-- PROVIDED INFORMATION follows --

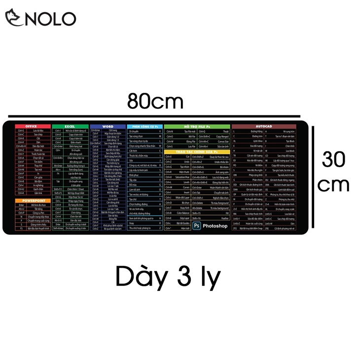 Lót Chuột Lớn Kích Thước 30x80cm Dày 3 Ly Bề Mặt In 3D Không Phai 175 Phím Tắt Lệnh Của Office, Word, Photoshop
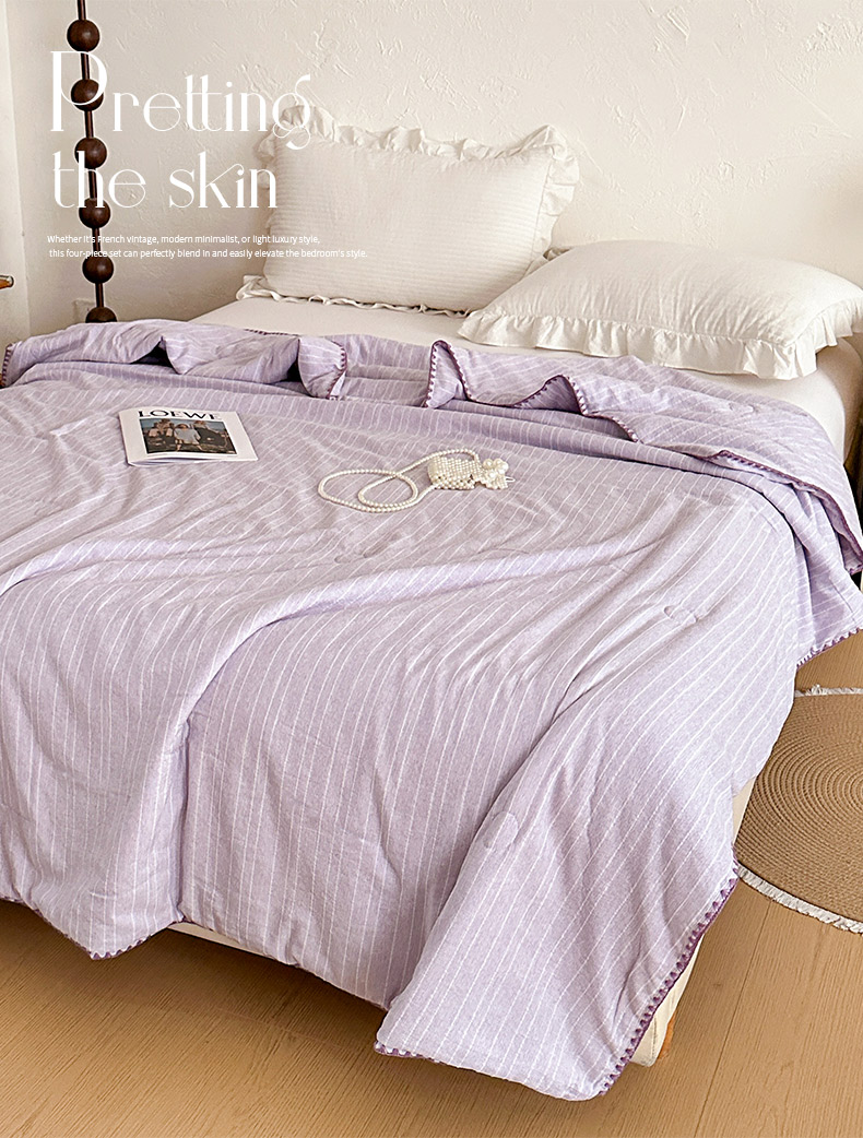 被子 > 夏被 > 鑫利来家纺 2026新款纯色无印风夏被简约素色法式麻夏凉被阳离子色织提花单人双人学生夏凉被 青禾-浅紫
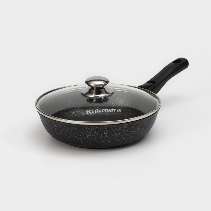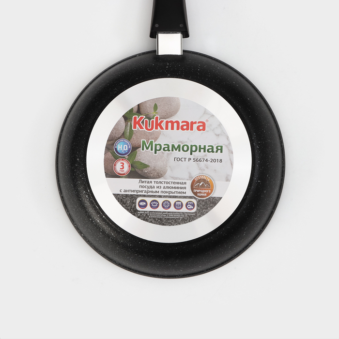 Посуда Kukmara «Мраморная» изготовлена из литого алюминия и покрыта инновационным антипригарным мраморным покрытием на водной основе, усиленным сверхтвёрдыми частицами минералов.
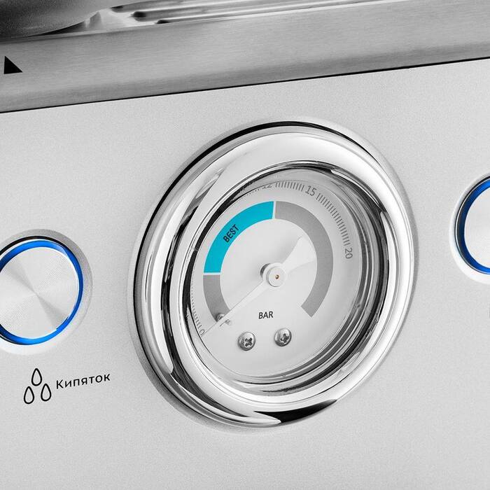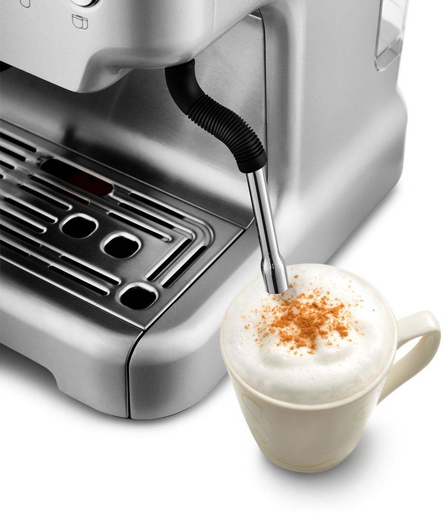 Бойлерная схема нагрева в сочетании с давлением, обеспечивающим необходимую силу для экстракции, дает предсказуемый профиль напитка при приготовлении эспрессо. Ручной капучинатор и функция подачи пара дают возможность формировать молочную пену по желаемой текстуре; отдельные программы для эспрессо и капучино упрощают выбор режима и последовательность действий.
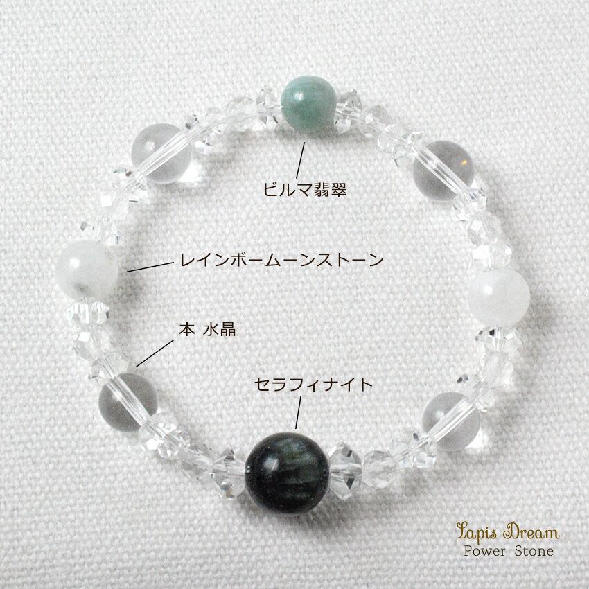 心と運命を優しく整える、癒しのお守り | セラフィナイト、ビルマ翡翠の天然石パワーストーン ブレスレット
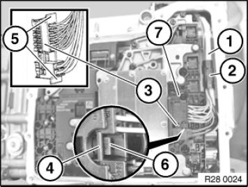 Release connector lock (6) and at same time detach connector (3) from retaining tabs (5) towards right.
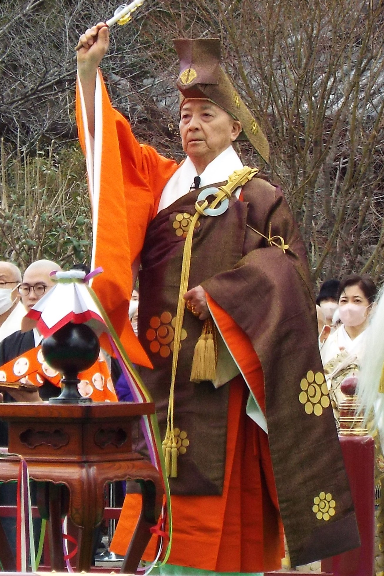 数え年で百歳となったことを神仏に感謝する大樹座主 天台宗総本山比叡山延暦寺の「年賀式」が8日、滋賀県大津市の延暦寺会館で行われた。今年の「比叡山から発信する言葉」は「開発真心」。真の心(まごころ)を込めれば必ず相手にも通じるという思いを込めたもので、互いの仏性を開き発こすことを誓った。仏教界・政財界などから約400人が参加した。
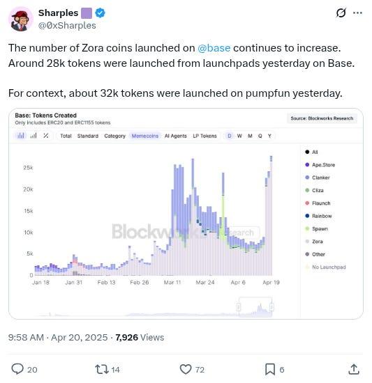 -Zora usage increasing as it remains under the spotlight this week, h/t @0xSharples:
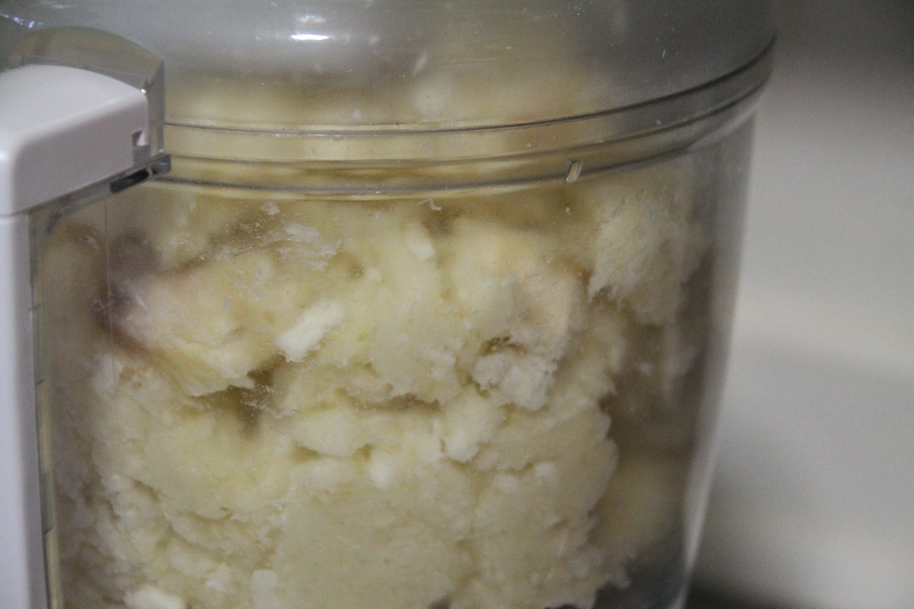Place the cooked root into the food processor and blend well. I found that when you add water to the mixture it makes it super sticky and gooey. So try to blend it in small amounts.
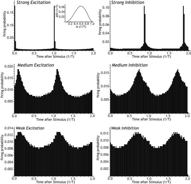 Post stimulus histograms calculated for excitatory and inhibitory phase resetting using an idealized GP-like phase-resetting curve (inset). The strength and the phase of resetting produced by stimulation depends on stimulus intensity. For weak stimuli, excitatory and inhibitory stimuli reset to diametrically opposite phases, but at high stimulus levels, they approach the same phase. There is no threshold for the phase resetting effect of synaptic input.
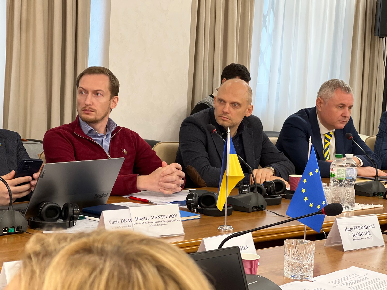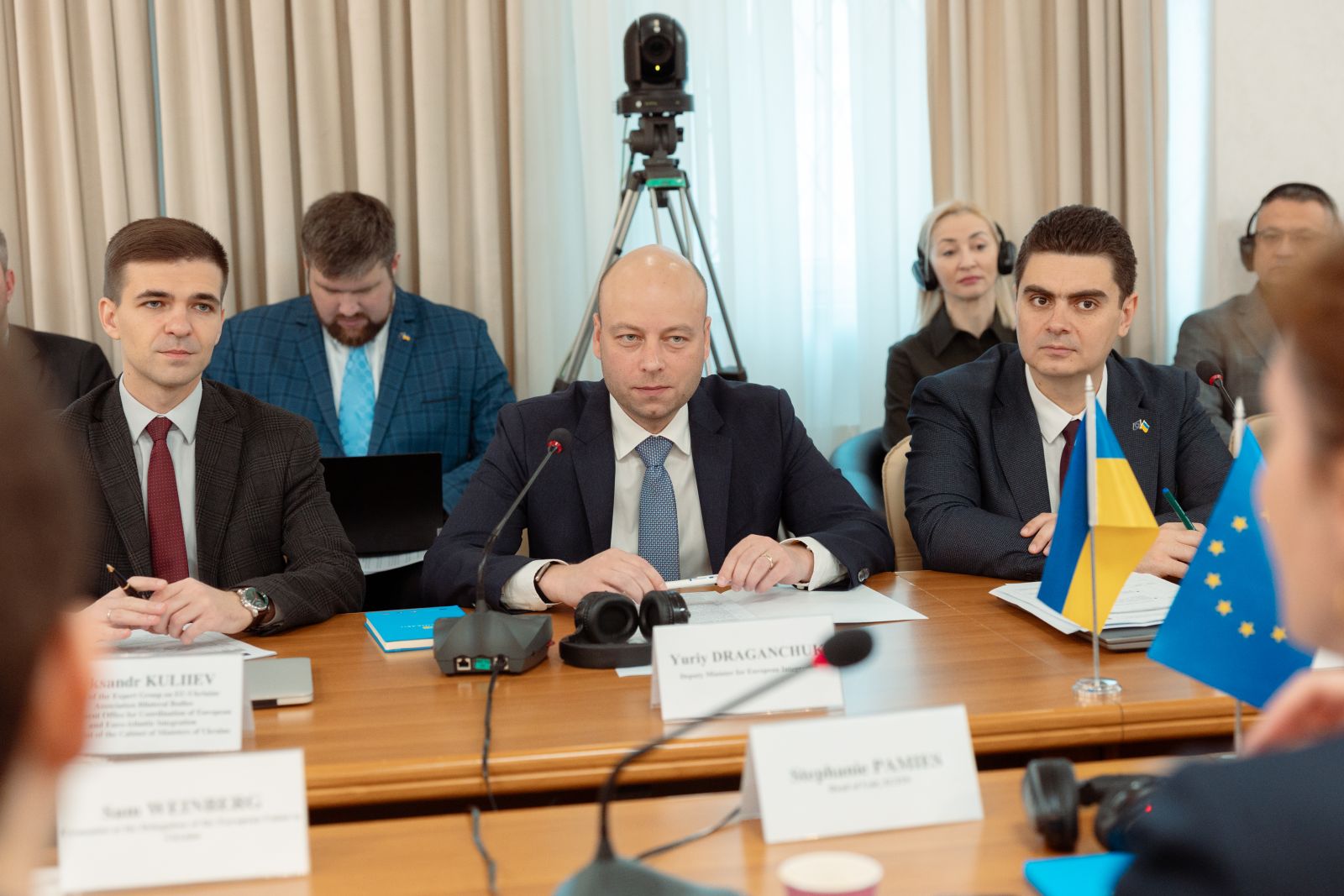 Делегацію ЄС очолювали Директорка директорату ECFIN D «Міжнародні економічні та фінансові відносини, глобальне управління» Анніка Еріксгаард і керівниця підрозділу ECFIN D2 «Країни сусідства та макрофінансова допомога» Стефані Пам’є.
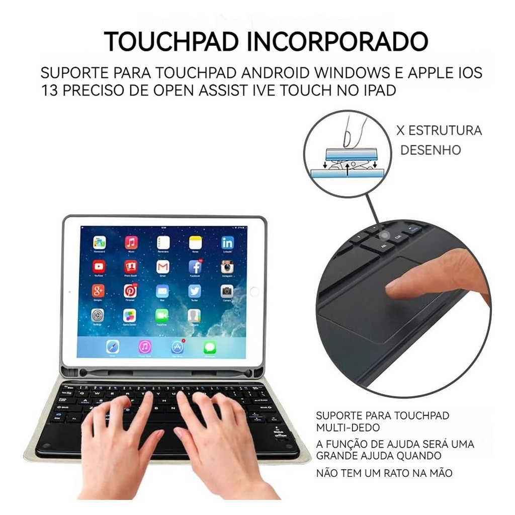 Capa E Teclado Touch Para iPad 6ª/5ª Geração 9,7 Polegadas

-- PROVIDED INFORMATION concluded --

> EXERCISE GOAL
Would you give again, exactly, the lines in the data above that run from the line containing "数え年で百歳となったことを神" to the line containing "-Zora usage increasing"? Include both ends and no pictures.

> SOLUTION TO THE PROBLEM
 数え年で百歳となったことを神仏に感謝する大樹座主 天台宗総本山比叡山延暦寺の「年賀式」が8日、滋賀県大津市の延暦寺会館で行われた。今年の「比叡山から発信する言葉」は「開発真心」。真の心(まごころ)を込めれば必ず相手にも通じるという思いを込めたもので、互いの仏性を開き発こすことを誓った。仏教界・政財界などから約400人が参加した。
 -Zora usage increasing as it remains under the spotlight this week, h/t @0xSharples:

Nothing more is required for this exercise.